Es war ein heftiger Streit, darin waren sich Vater und Tochter einig.
Doch wer wen geschubst, geschlagen, zurückgewiesen habe, wurde beim
Verfahren am Amtsgericht nicht so recht deutlich. Tränen flossen
reichlich im Gerichtssaal.

Von Ilka Marten 19.06.2014, 03:16

Gardelegen l "Suchen Sie sich Hilfe. Alle beide." Mit diesen Worten stellte Strafrichter Axel Bormann das Verfahren wegen Körperverletzung gegen einen 52-Jährigen aus dem Raum Klötze ein, dem vorgeworfen worden war, dass er seiner Tochter (19) am 4. Oktober so mit der flachen Hand ins Gesicht geschlagen haben soll, dass sie zu Boden ging.

Was sich Richter und Staatsanwältin bei dem Prozess offenbarte, war ein schwieriges Vater-Tochter-Verhältnis, eine Jugendliche, die ganz offensichtlich nicht mit der Trennung ihrer Eltern zurecht kam und ein Vater, der sich zumindest alle Hilfe holte, die er holen konnte. Die Tat bestritt er.

"Ich habe solche Angst um sie gehabt."

2007 trennten sich die Eltern der damals Achtjährigen, die zwei ältere Brüder hat.
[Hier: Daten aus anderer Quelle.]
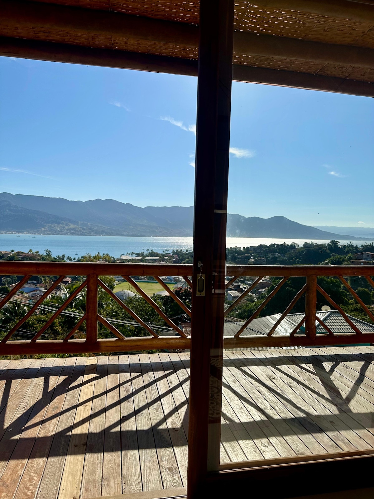 A bungalow built artistically in every detail... a bathtub open to the woods with a glass ceiling gives the feeling of being immersed in nature, with a centenary fig tree in front and many birds... intimate and welcoming in connection with Nature, in contact with this reserve area of the Atlantic Forest. The other hot shower is on the deck open to the woods and is delightful day or night, with a starry sky and moonlight.
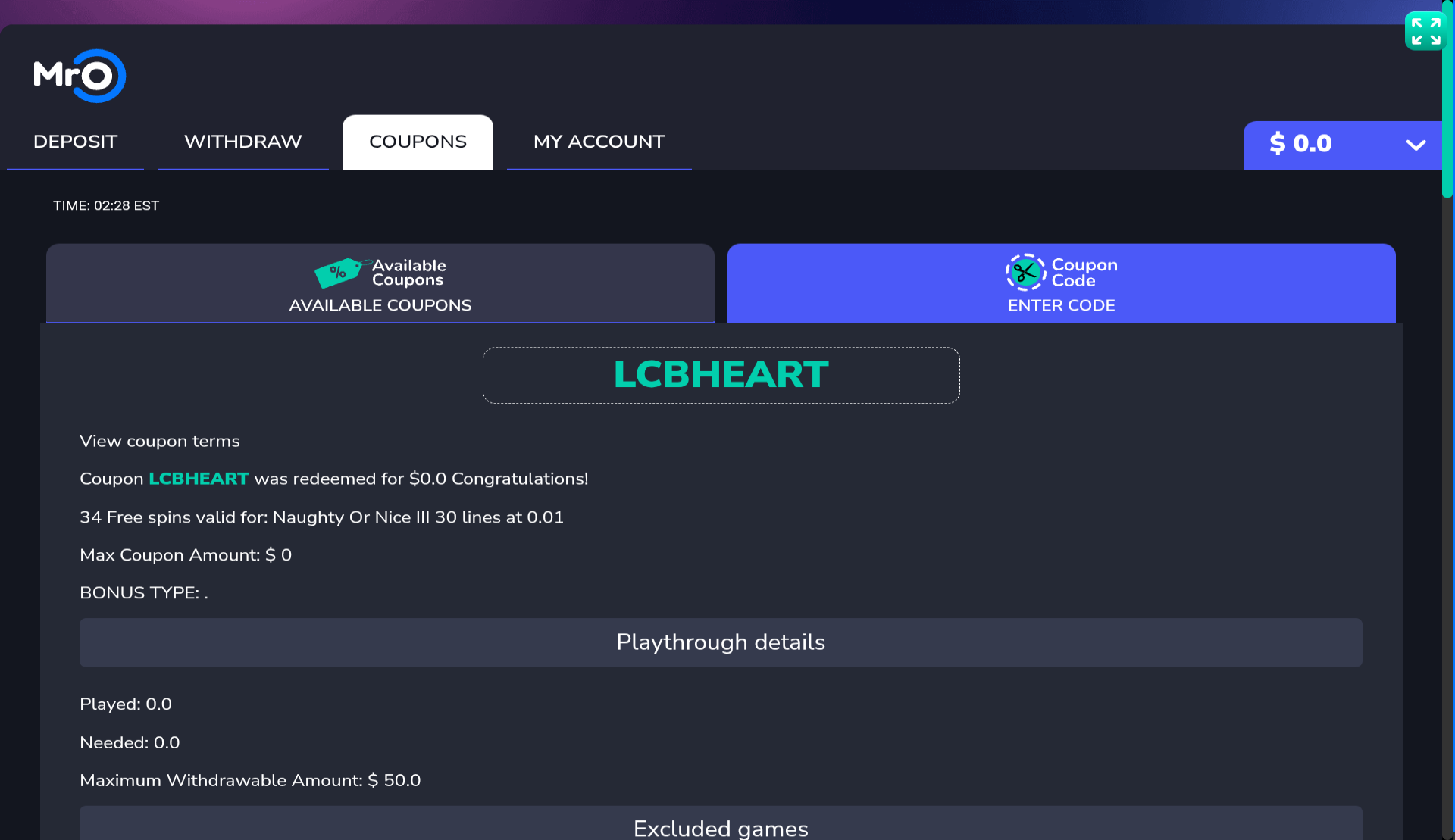 Worked for me thanks bud I gotta recurring that works every single day for mr.o if you deposit 20$ it's "Spinblast" it will work every single day as long as you've made 20$ in deposits that day it's 50$ mco 50 spins clue mystery slot
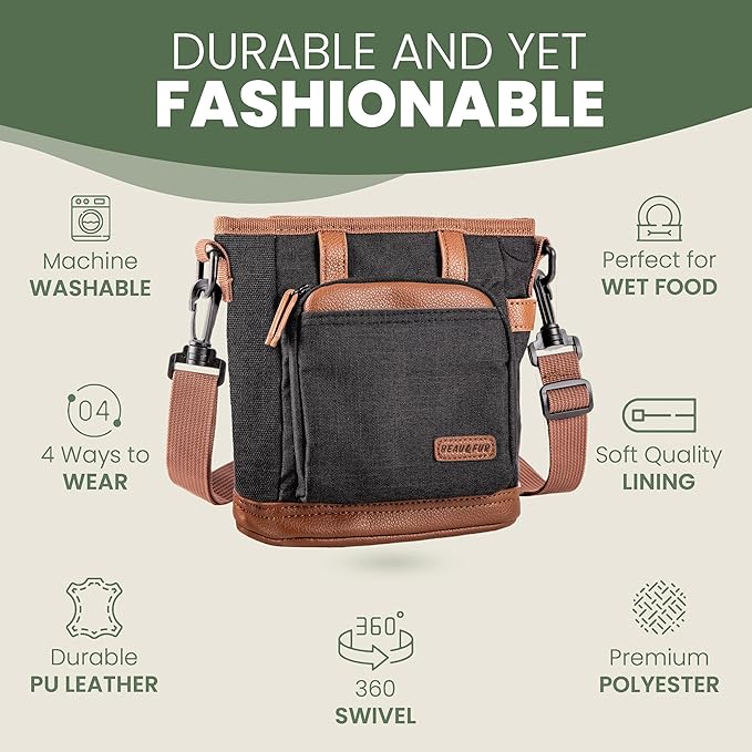 - DURABLE & STYLISH DESIGN: This dog treat pouch features double stitching and a metal buckle for enhanced durability. Its sleek, elegant look and premium material ensure long-lasting use, making it the ideal accessory for dog training or daily outings. An excellent choice for gifts for dog owners who appreciate both style and functionality.
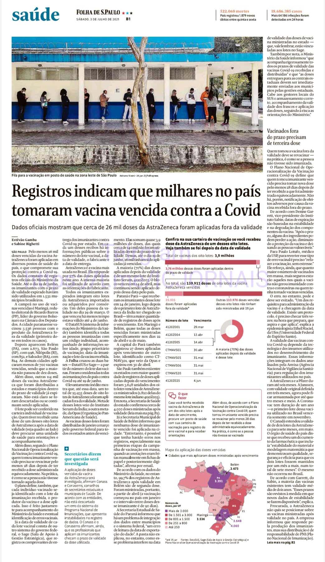 Na última sexta-feira, dia 2 de julho, a Folha de São Paulo (Veja imagem da capa) publicou uma reportagem dizendo que 26 mil doses da vacina AstraZeneca haviam sido aplicadas após o vencimento em 1532 municípios. Não era verdade. A informação não foi corrigida até agora e o caso virou mais um de barraco e ataques nas redes. O que aconteceu com o jornalismo?
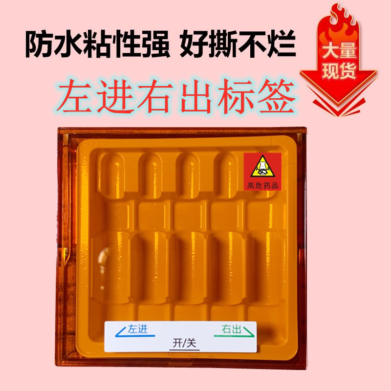 Type A red injection box label high risk 100 stickers on the front and side
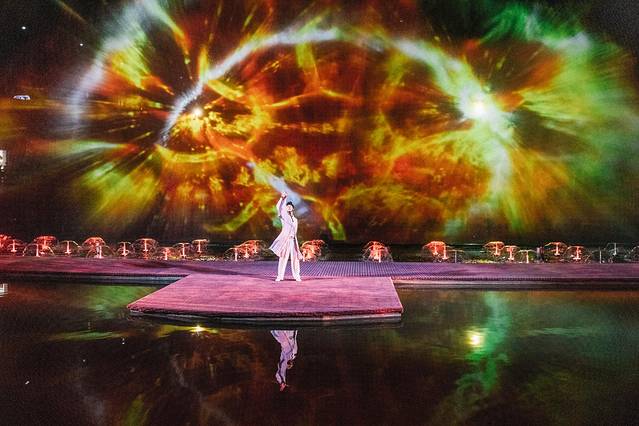 在水舞台上,舞蹈演员们伴随时而激荡、时而舒缓的音乐,演绎出一幕幕跌宕起伏的仙境传奇故事,堪称一场精彩绝伦的沉浸式感官体验。
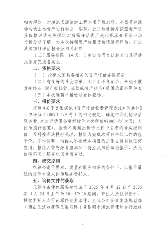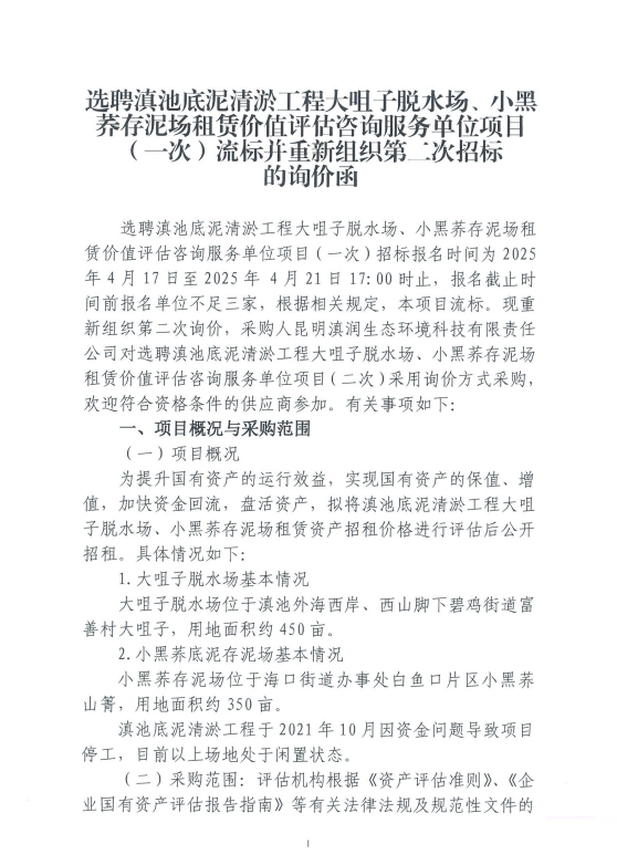 選聘滇池底泥清淤工程大咀子脫水場(chǎng)、小黑蕎存泥場(chǎng)租賃價(jià)值評(píng)估咨詢服務(wù)單位項(xiàng)目(一次)流標(biāo)并重新組織第一次招標(biāo)的詢價(jià)雨
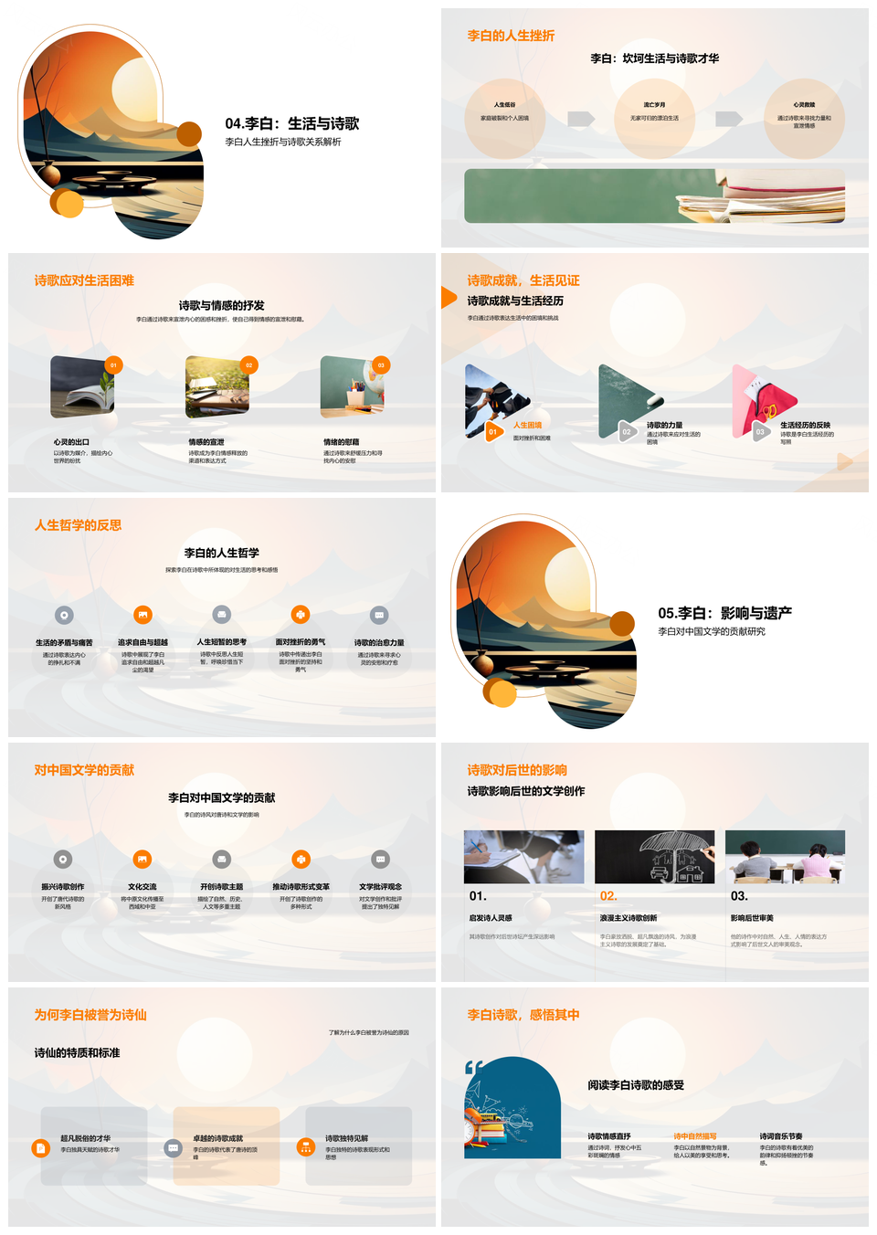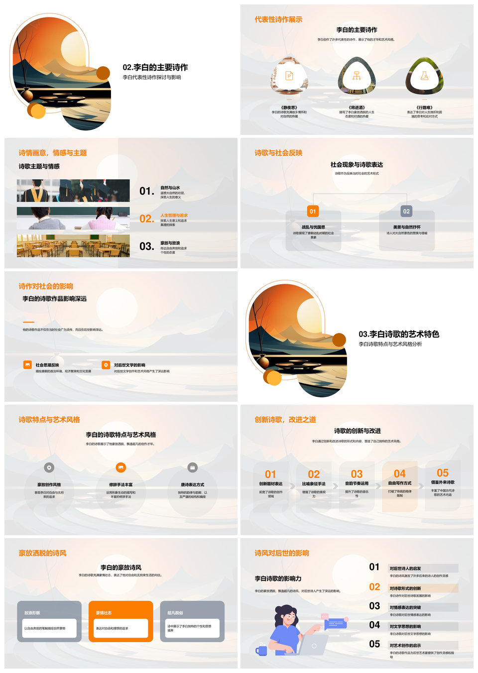 风云办公提供的李白诗仙唐朝艺术遗产诗作人生轨迹PPT模板,下载格式为pptx,一共28页,作品中文字及图均可以修改和编辑,图片更改请在作品中右键图片并更换,文字修改请直接点击文字进行修改。
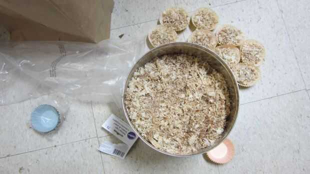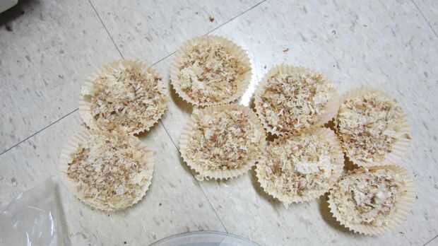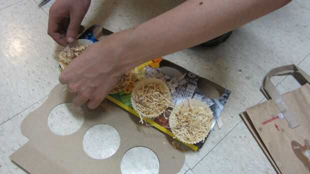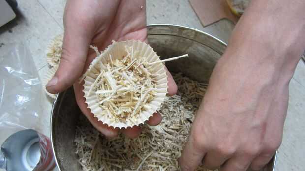 Tomar unas pequeñas virutas de madera y colocarlos en cada envoltura de la Magdalena. Una vez que todos los que necesita preparados, colocarlos en una lata del mollete, o algo que puede mantener la forma de la Magdalena cuando empieces a verter la cera de parafina.

Alle drei Kinder blieben beim Vater. "Sie war schon immer schwierig. Als Kind hat sie manchmal dagesessen und eine Stunde gebrüllt. Keiner ist an sie herangekommen", erzählte der Vater über seine Tochter. Mit der Trennung der Eltern fing das Mädchen an, die Schule zu schwänzen und "kam nachts nicht nach Hause". Der Mann sagte mit Tränen in den Augen: "Ich habe solche Angst um sie gehabt." Er gab zu, dass er sie 2010 auf den Po geschlagen habe, daraufhin wurde das Jugendamt eingeschaltet und das Mädchen kam in ein Heim. Dort war die Schülerin bis 2012. Dann zog sie wieder zu Hause ein - und die Streitigkeiten häuften sich. Es ging ums Aufräumen, Saubermachen.

Den Tattag im Oktober im Haus der Familie schilderten Vater und Tochter nur in wenigen Nuancen unterschiedlich. Es habe einen heftigen Streit gegeben, "da sind wir beide immer lauter geworden", so der Angeklagte. Wichser, Arschloch und den Satz "Schlag mich doch, dann zeige ich dich an" habe seine Tochter in ihrer Wut gesagt, schilderte der Mann. Auslöser aus seiner Sicht: Streit darüber, dass sie zu schnell gefahren war. Sie habe ihn immer wieder geschubst und ihn dabei gegen die Tür gestoßen. "Als ich sie zurückgewiesen und abgewehrt habe, hat sie sich hingeworfen."

Die 19-Jährige berichtete dagegen, dass ihr Vater sie geschlagen habe und sie hingefallen sei. "Er hatte lange nicht mehr geschlagen, und ich wollte mir das nicht mehr gefallen lassen", berichtete sie unter Tränen. Bormann dazu: "Heulen hilft jetzt auch nicht mehr." Beim Streit sei ihr Vater ihr nah gekommen: "Ich habe ihn immer wieder weggeschubst."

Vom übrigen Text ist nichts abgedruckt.